- Ghoga Location in Bihar, India
- Coordinates: 25°13′N 87°10′E﻿ / ﻿25.217°N 87.167°E
- Country: India
- State: Bihar
- District: Bhagalpur

Population (2001)
- • Total: 3,766

Languages
- • Official: Angika, Hindi
- Time zone: UTC+5:30 (IST)
- PIN: 813205
- Telephone code: 06429
- Vehicle registration: BH

= Ghoga =

Ghoga is a census town in Bhagalpur district in the state of Bihar, India.

==Demographics==
As of 2001 India census, Ghoga had a population of 3766. Males constitute 54% of the population and females 46%. Ghoga has an average literacy rate of 68%, higher than the national average of 59.5%: male literacy is 74%, and female literacy is 60%. In Ghoga, 16% of the population is under 6 years of age.

==General==
Ghogha is a Village at the bank of river Ganges and is located between the cities of Bhagalpur and Kahalgaon. Pakkisarai is a village near to ghoga and comes under the jurisdiction of Ghoga Thana (sub police station). It is well connected to both the towns by road and train and is at a distance of about 11 kilometers from Kahalgaon and 24 kilometers from Bhagalpur.
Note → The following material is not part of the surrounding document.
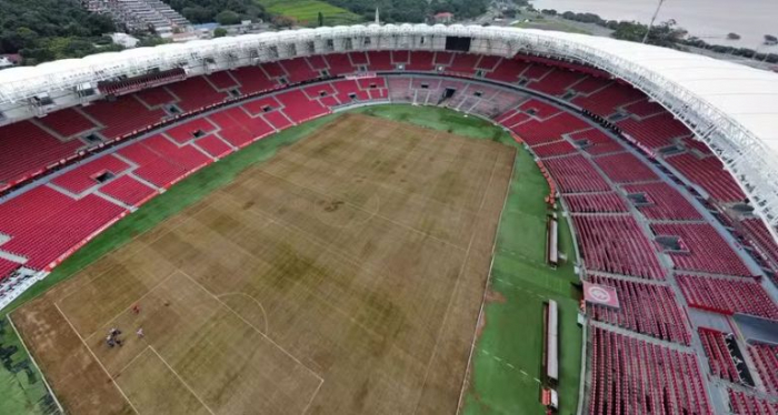 Estádio Beira-rio após a enchente em Porto Alegre - Foto: Divulgação A CBF anunciou na tarde de quarta-feira, 15 de maio, a a paralisação do Campeonato Brasileiro por conta das fortes chuvas no Rio Grande do Sul.

It is roughly a 15 minutes travel from Kahalgaon and 30–45 minutes travel from Bhagalpur. The growth of Kahalgaon NTPC and increase in the income level of Bhagalpur residents has resulted in a flourish of Brick Kilns in this small village. About half of these Brick Kilns are exactly located in the village of Pakkisarai. The main occupation of the village nevertheless is agriculture. The higher than average literacy of the village is due to the location of a number of small schools within walking distance to the village. Moreover, the Saint Joseph's School situated at Pakartalla, has become the primary educational organisation, providing high-quality education to the children of Ghoga and Pakkisarai. Vikramshila, located approximately 16 kilometers from Ghoga is a tourist attraction.